Sneaky Cryptocurrency Mining Malware Loapi Can Literally Melt Your Phone
Cybersecurity firm Kaspersky Lab has exposed a powerful malware that infiltrates smartphones to secretly mine cryptrocurrency and carry out DDoS attacks.
Loapi, the malicious software, is so power-hungry that it can overheat your battery and fry your phone. The virus physically destroyed the Kaspersky Lab test phone just two days after being infected with it.
Kaspersky Lab wrote a blog detailing how Loapi works and the range of pernicious activities it can carry out. “Because of the constant load caused by the mining module and generated traffic, the battery bulged and deformed the phone cover,” the blog says.
Loapi is Trojan malware that is most commonly picked up by users who click on ad banner advertising in adult content apps. Pop up advertisements for fake anti-virus software is also a common vehicle for the malware.

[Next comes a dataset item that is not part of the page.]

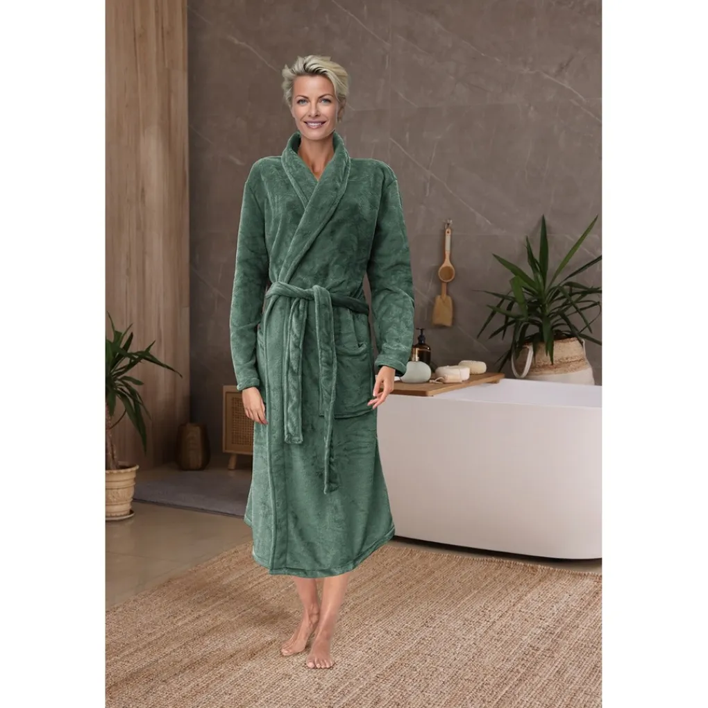 De badjas is gemaakt van soepele heerlijk zachte fleece. Het materiaal voelt zacht aan op de huid en houdt je lekker warm. Dankzij het lange model, de diepe zakken, fijne kraag en ceintuur zit ‘ie ook nog eens supercomfortabel.
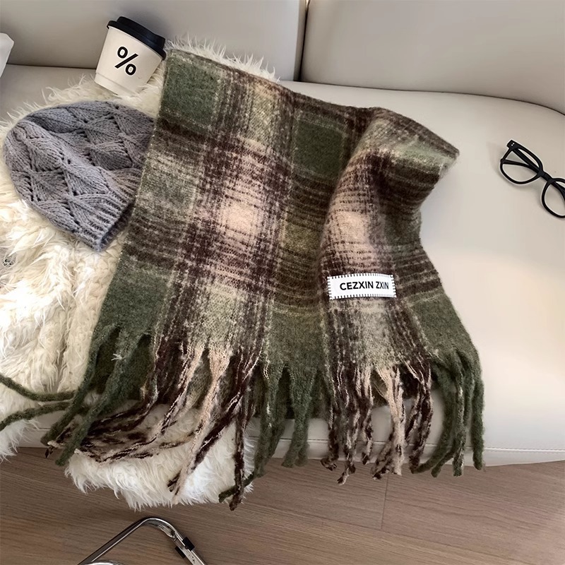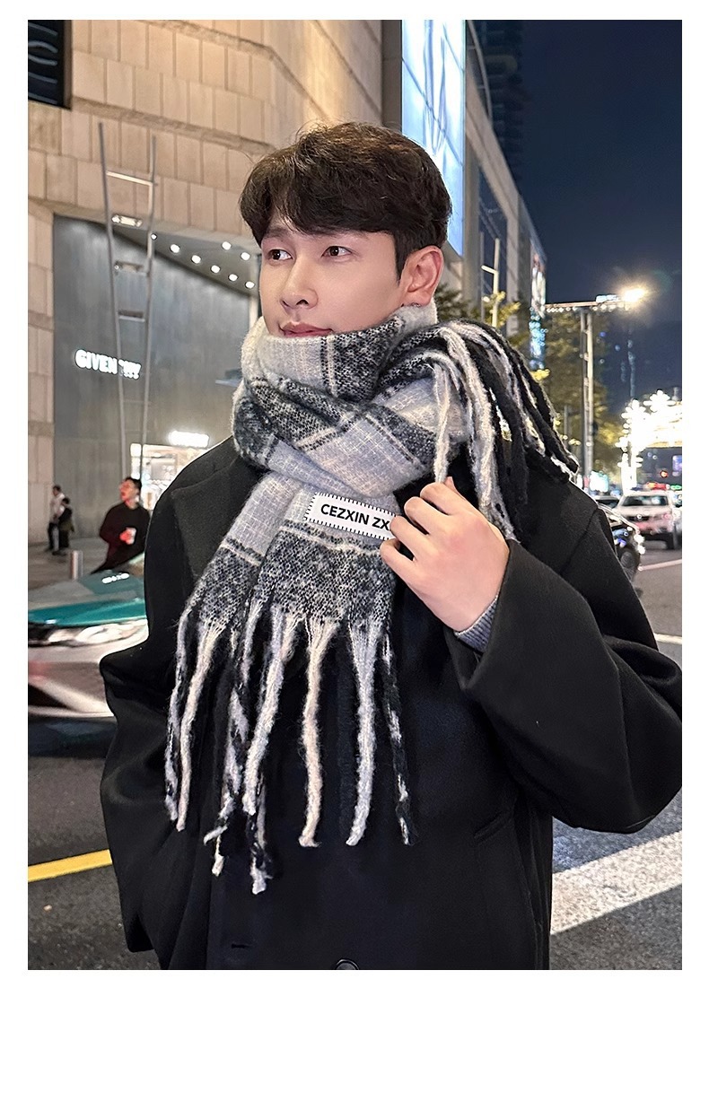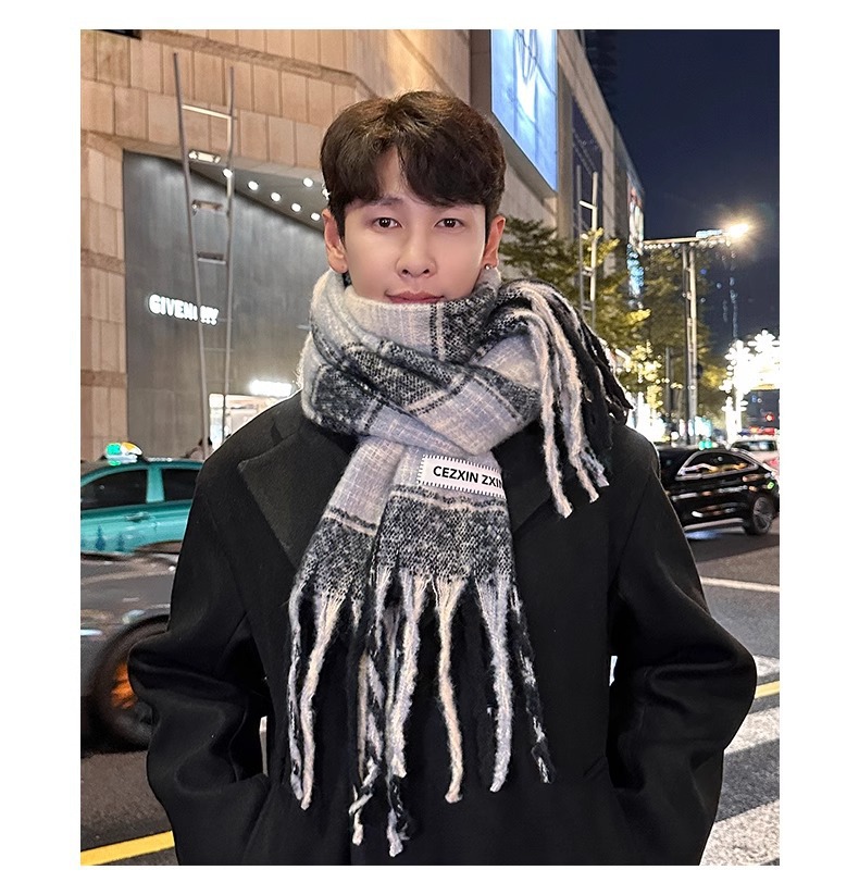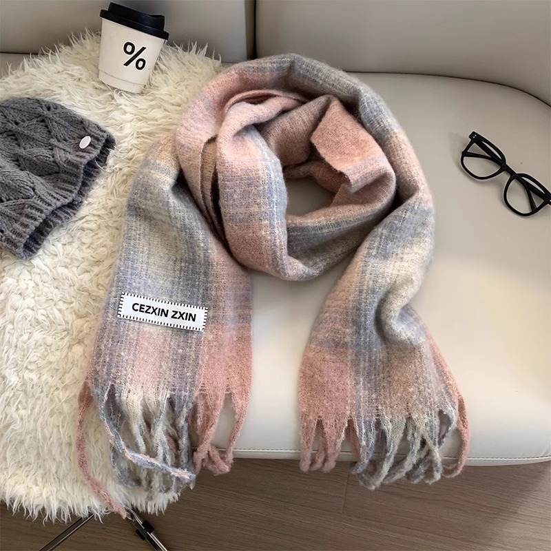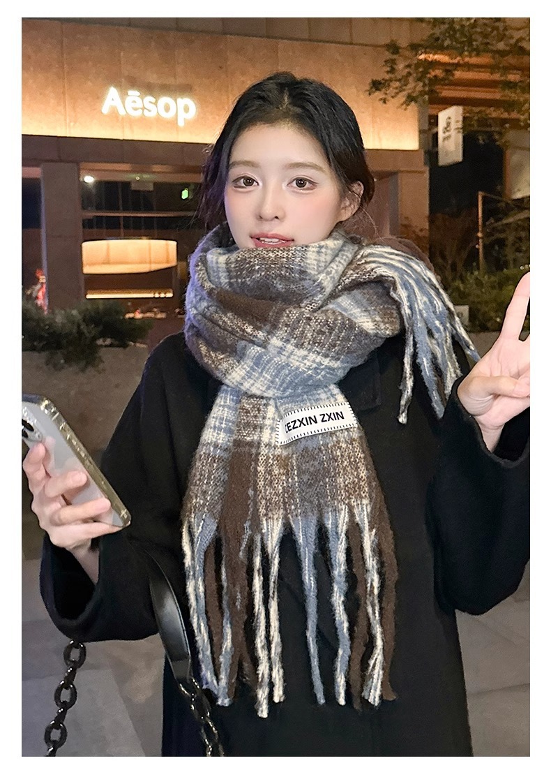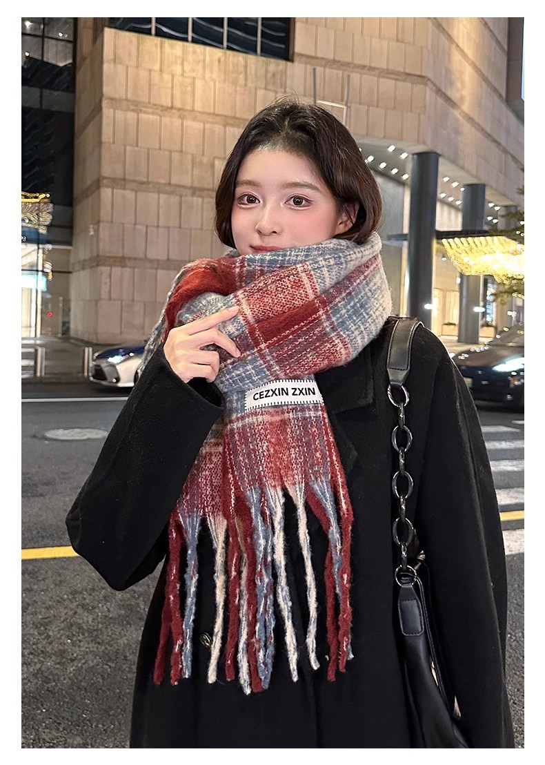 한국식 분위기 색상 매칭 격자 무늬 스카프 여성 겨울 학생 커플 따뜻한 올 매치 캐시미어 긴 목도리

— Kaspersky (@kaspersky) December 18, 2017
Once on the phone, Loapi constantly asks for administrator rights. “It doesn’t take no for an answer; notification after notification appears on the screen until the desperate user finally gives in and taps OK,” Kaspersky Lab explained.
The insidious app even shuts down the settings window and locks the screen if the person tries to deny it administrator rights. If the user tries to download anti-virus software to protect the phone, Loapi flags it as malware and demands it be removed.
After seizing administrator rights, the versatile malware manipulates the phone into carrying out a number of functions including mining the Monero cryptocurrency, signing the phone’s owner up to paid subscription services, plaguing them with more ads and even turning the phone into a zombie to be used in DDoS attacks.
Spain’s national police warned people about the malware via Twitter.
— Policía Nacional (@policia) December 20, 2017
Kaspersky advises that the best way to avoid having your phone infected with Loapi is to only download apps from official stores; disabling the installation of apps from unknown sources; only downloading apps that you really need; and using reliable anti-virus software.